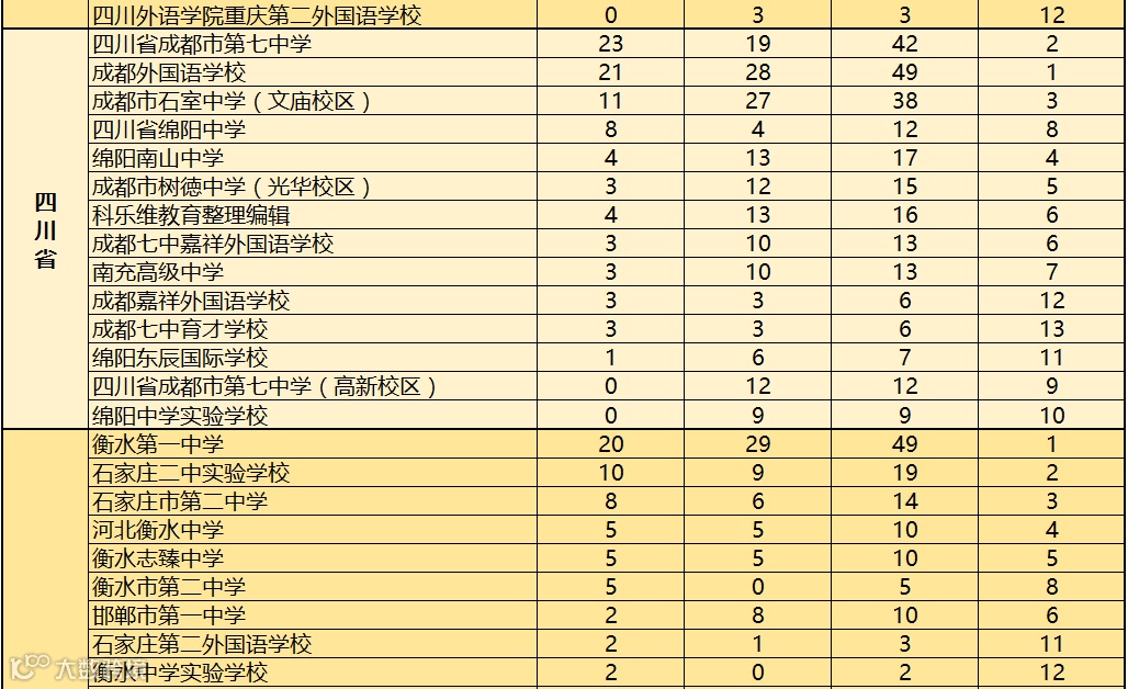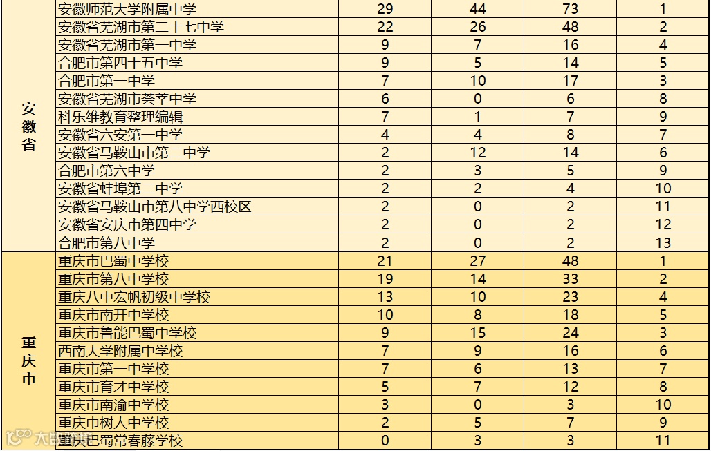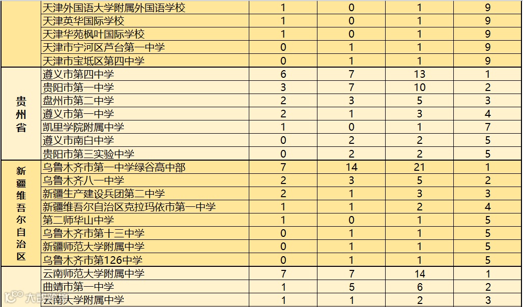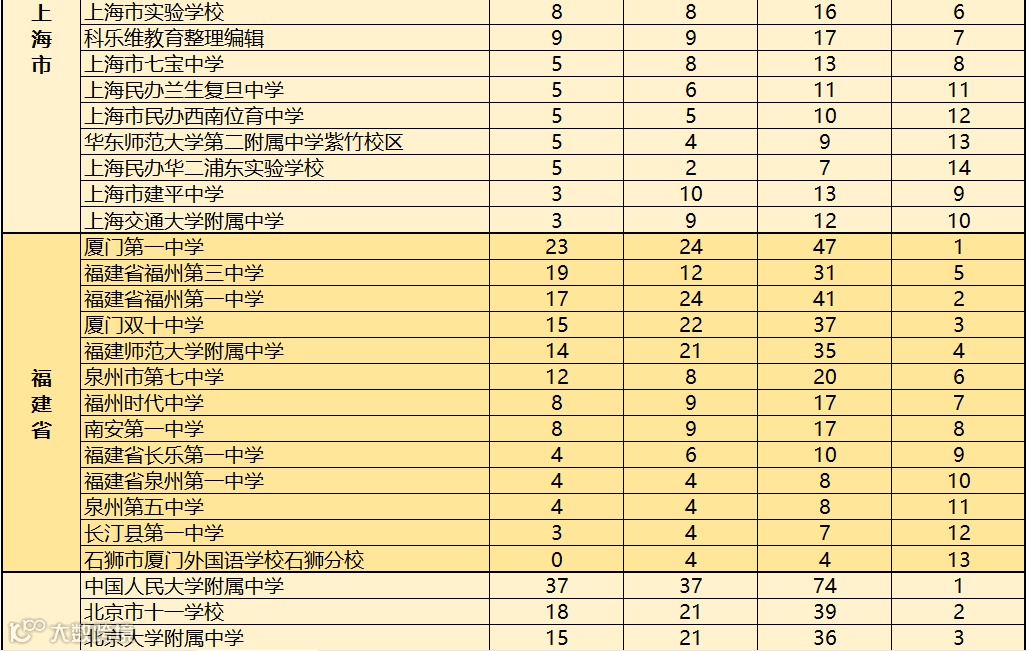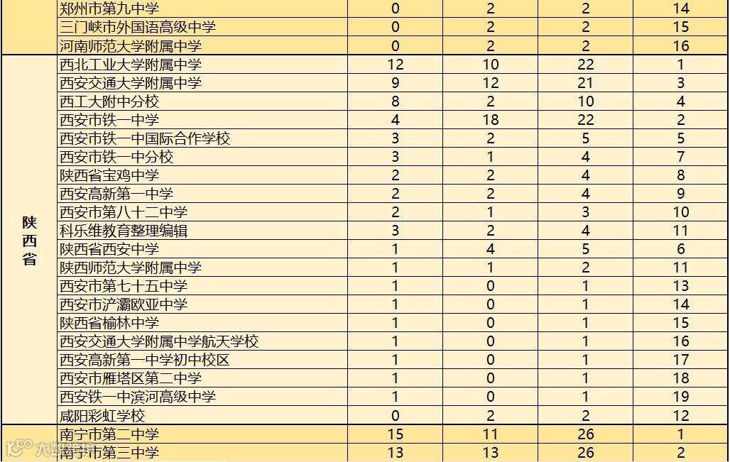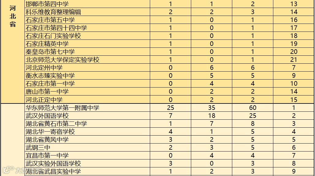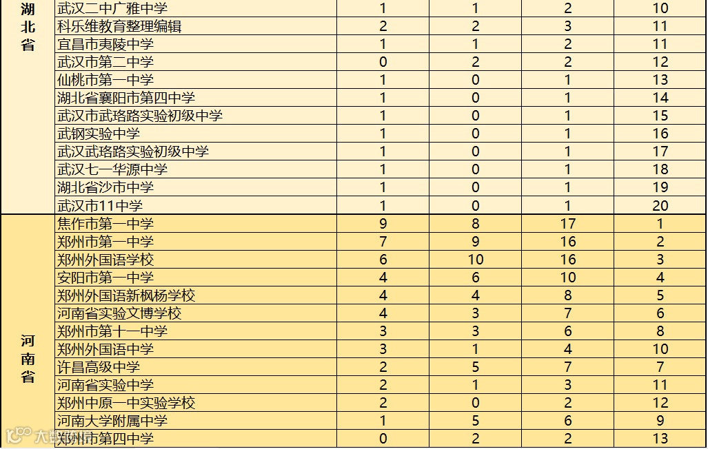 对此,科乐维教育根据近2019至2020年全国中学生信息学竞赛(CSP J/S)各省份参赛学校获得一等奖人数的情况进行综合统计,方便家长做择校参考。
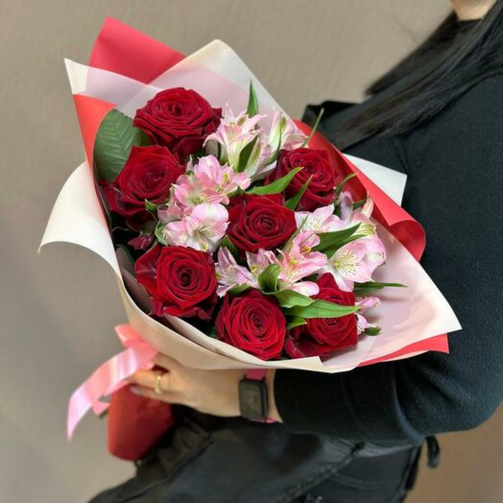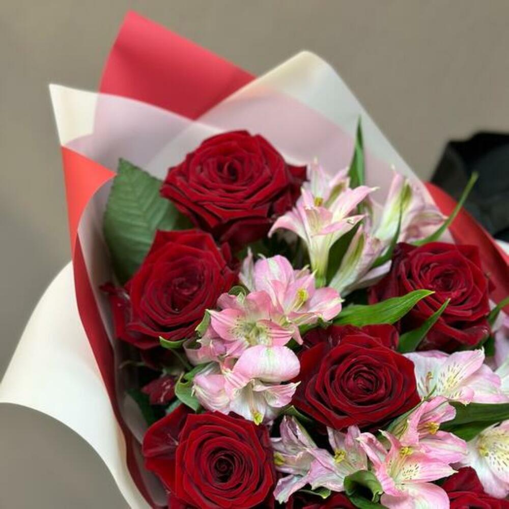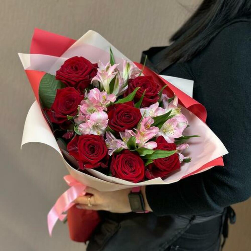 Alstroemeria - 4 шт. cinta de raso - 1 шт. embalaje - 1 шт. красная роза - 7 шт.
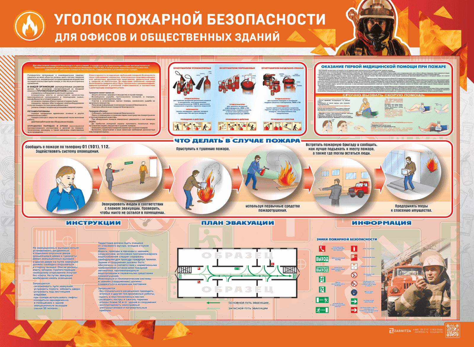 Стенд предназначен для ознакомления офисных сотрудников и посетителей общественных помещений с правилами пожарной безопасности, первичными средствами пожаротушения, действиями при пожаре, мероприятиями по оказанию первой помощи пострадавшим при пожаре, а также для формирования осознанного отношения к пожарной безопасности.
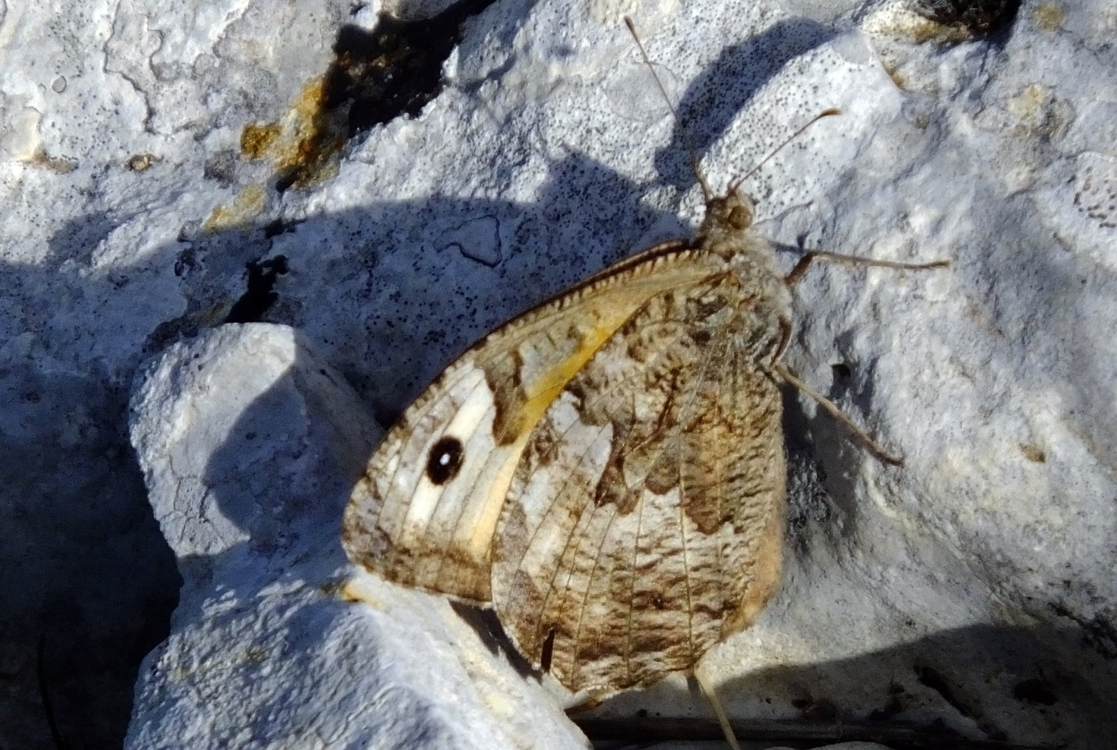 Την φωτογραφήσαμε κάποια χρονιά στην ορεινή Λευκάδα. Είναι μία από τις πεταλούδες που απαντώνται στον τόπο μας και η επιστημονική της ονομασία είναι, μάλλον, Hipparchia sp., σύμφωνα με τον κ. Ανδρέα Ανδρούτσο, σε μια ομάδα που ποστάραμε την φωτογραφία για αναγνώριση.

- _Your goal_
Only the lines from the one with "Alstroemeria - 4" through the last line of the listing belong in your answer; copy them exactly and skip the pictures.

- _Response to the task_
 Alstroemeria - 4 шт. cinta de raso - 1 шт. embalaje - 1 шт. красная роза - 7 шт.
 Стенд предназначен для ознакомления офисных сотрудников и посетителей общественных помещений с правилами пожарной безопасности, первичными средствами пожаротушения, действиями при пожаре, мероприятиями по оказанию первой помощи пострадавшим при пожаре, а также для формирования осознанного отношения к пожарной безопасности.
 Την φωτογραφήσαμε κάποια χρονιά στην ορεινή Λευκάδα. Είναι μία από τις πεταλούδες που απαντώνται στον τόπο μας και η επιστημονική της ονομασία είναι, μάλλον, Hipparchia sp., σύμφωνα με τον κ. Ανδρέα Ανδρούτσο, σε μια ομάδα που ποστάραμε την φωτογραφία για αναγνώριση.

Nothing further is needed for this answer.